§ Task to carry out:
Your task is to transcribe, word for word, the line containing "4、对战胜利后出现MATCH" and all lines that follow it to the end of the entries. Leave out the pictures.

* * *

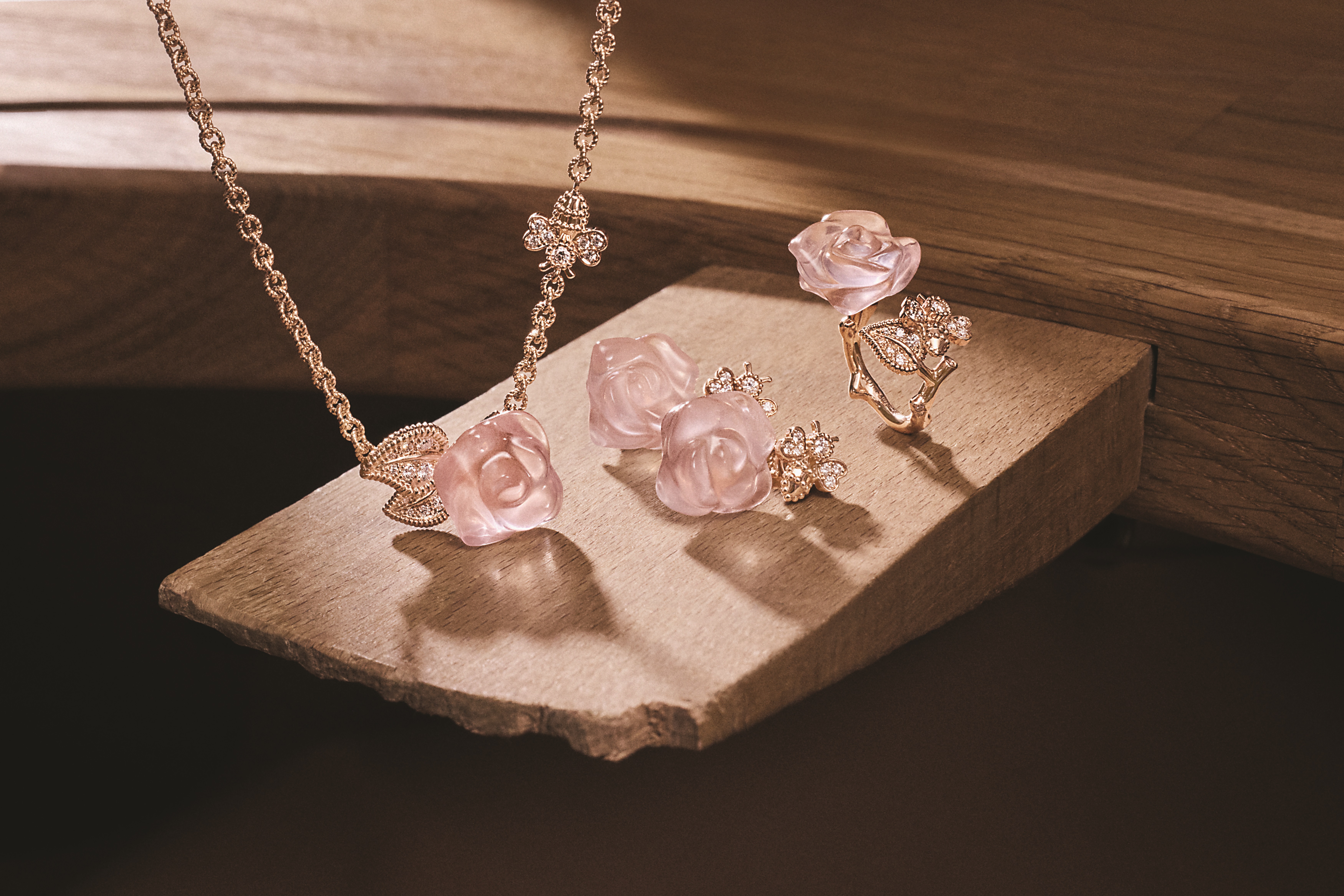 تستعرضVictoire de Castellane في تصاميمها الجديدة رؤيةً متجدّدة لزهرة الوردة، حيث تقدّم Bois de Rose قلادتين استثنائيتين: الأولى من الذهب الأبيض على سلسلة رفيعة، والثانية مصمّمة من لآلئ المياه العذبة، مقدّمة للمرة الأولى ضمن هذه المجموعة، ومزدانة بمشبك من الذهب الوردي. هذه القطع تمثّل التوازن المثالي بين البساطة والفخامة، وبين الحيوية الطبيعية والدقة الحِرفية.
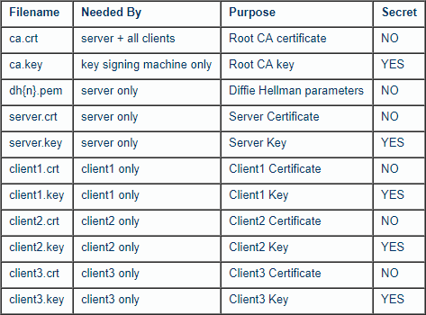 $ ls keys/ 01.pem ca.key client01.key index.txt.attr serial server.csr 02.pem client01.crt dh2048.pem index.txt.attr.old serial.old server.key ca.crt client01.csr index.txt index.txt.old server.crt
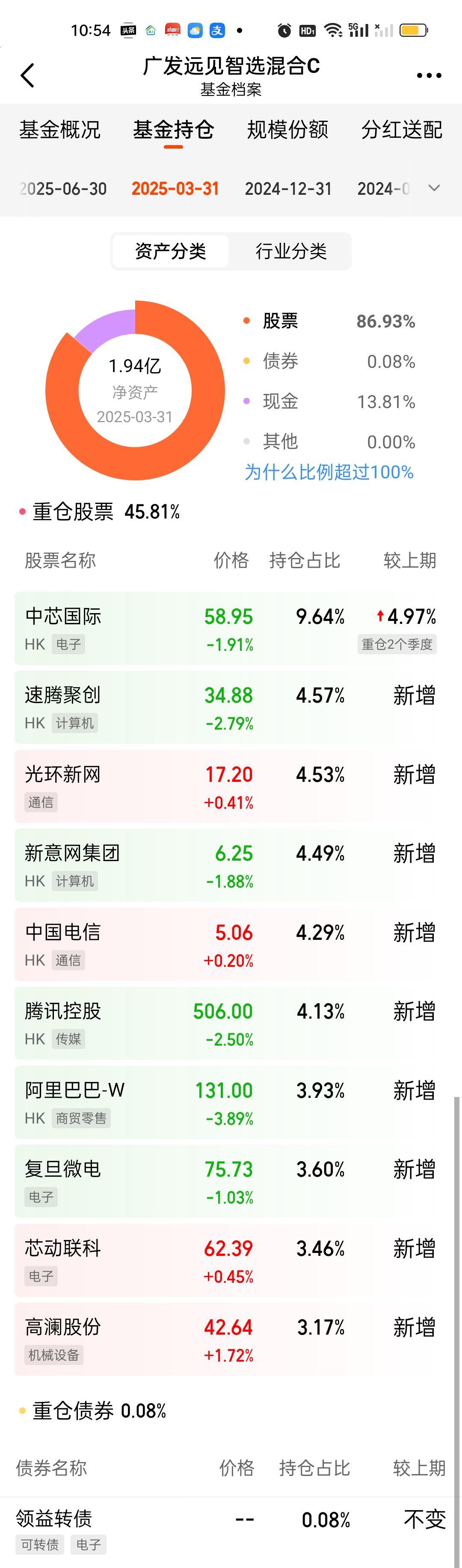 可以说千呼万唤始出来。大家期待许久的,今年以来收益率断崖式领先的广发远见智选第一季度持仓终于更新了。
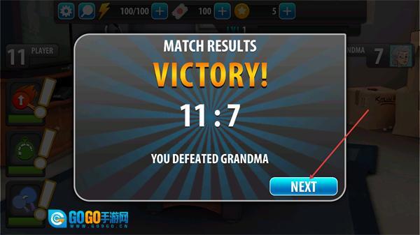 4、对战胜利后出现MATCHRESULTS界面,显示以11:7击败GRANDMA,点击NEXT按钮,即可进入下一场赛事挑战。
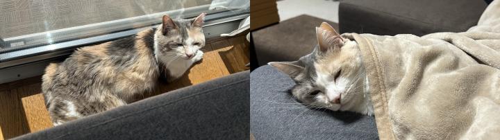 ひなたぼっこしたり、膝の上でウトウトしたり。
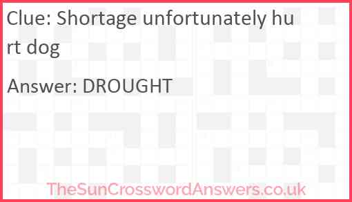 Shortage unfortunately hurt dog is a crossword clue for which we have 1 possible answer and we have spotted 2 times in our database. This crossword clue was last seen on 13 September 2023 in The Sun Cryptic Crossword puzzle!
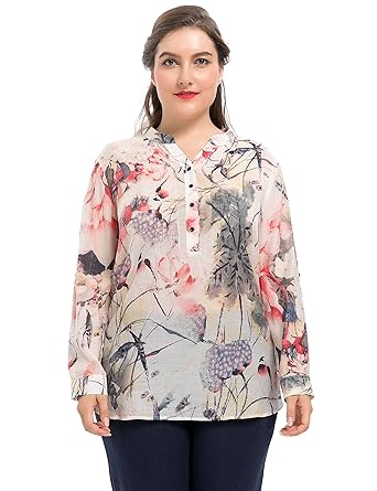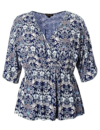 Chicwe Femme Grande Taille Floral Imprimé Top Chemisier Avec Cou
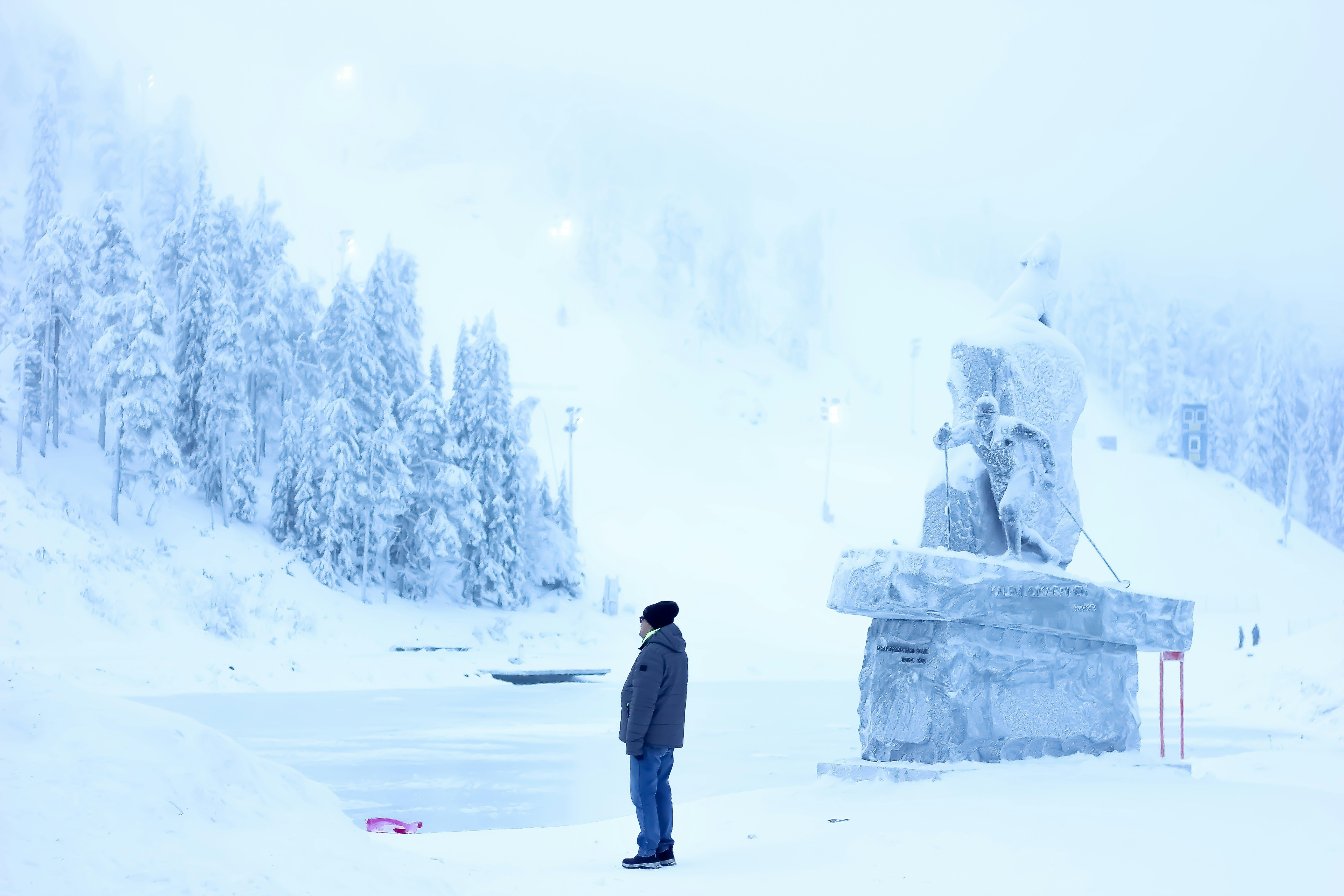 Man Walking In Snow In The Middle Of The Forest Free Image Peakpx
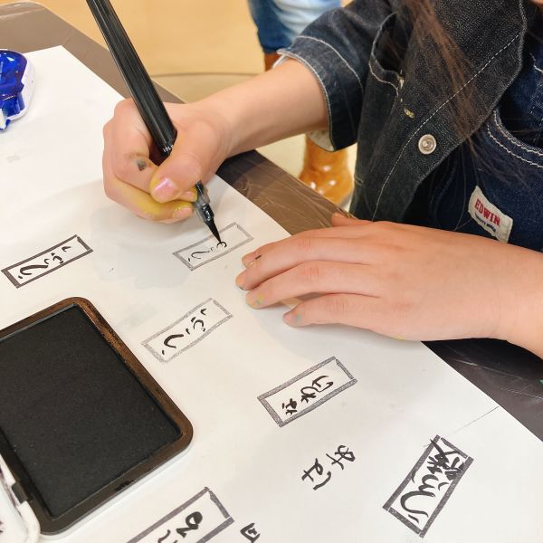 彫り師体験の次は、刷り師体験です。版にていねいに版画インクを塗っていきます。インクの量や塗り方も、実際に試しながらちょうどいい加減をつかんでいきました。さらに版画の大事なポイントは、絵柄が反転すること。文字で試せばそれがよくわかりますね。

* * *

§ Result of the task:
 4、对战胜利后出现MATCHRESULTS界面,显示以11:7击败GRANDMA,点击NEXT按钮,即可进入下一场赛事挑战。
 ひなたぼっこしたり、膝の上でウトウトしたり。
 Shortage unfortunately hurt dog is a crossword clue for which we have 1 possible answer and we have spotted 2 times in our database. This crossword clue was last seen on 13 September 2023 in The Sun Cryptic Crossword puzzle!
 Chicwe Femme Grande Taille Floral Imprimé Top Chemisier Avec Cou
 Man Walking In Snow In The Middle Of The Forest Free Image Peakpx
 彫り師体験の次は、刷り師体験です。版にていねいに版画インクを塗っていきます。インクの量や塗り方も、実際に試しながらちょうどいい加減をつかんでいきました。さらに版画の大事なポイントは、絵柄が反転すること。文字で試せばそれがよくわかりますね。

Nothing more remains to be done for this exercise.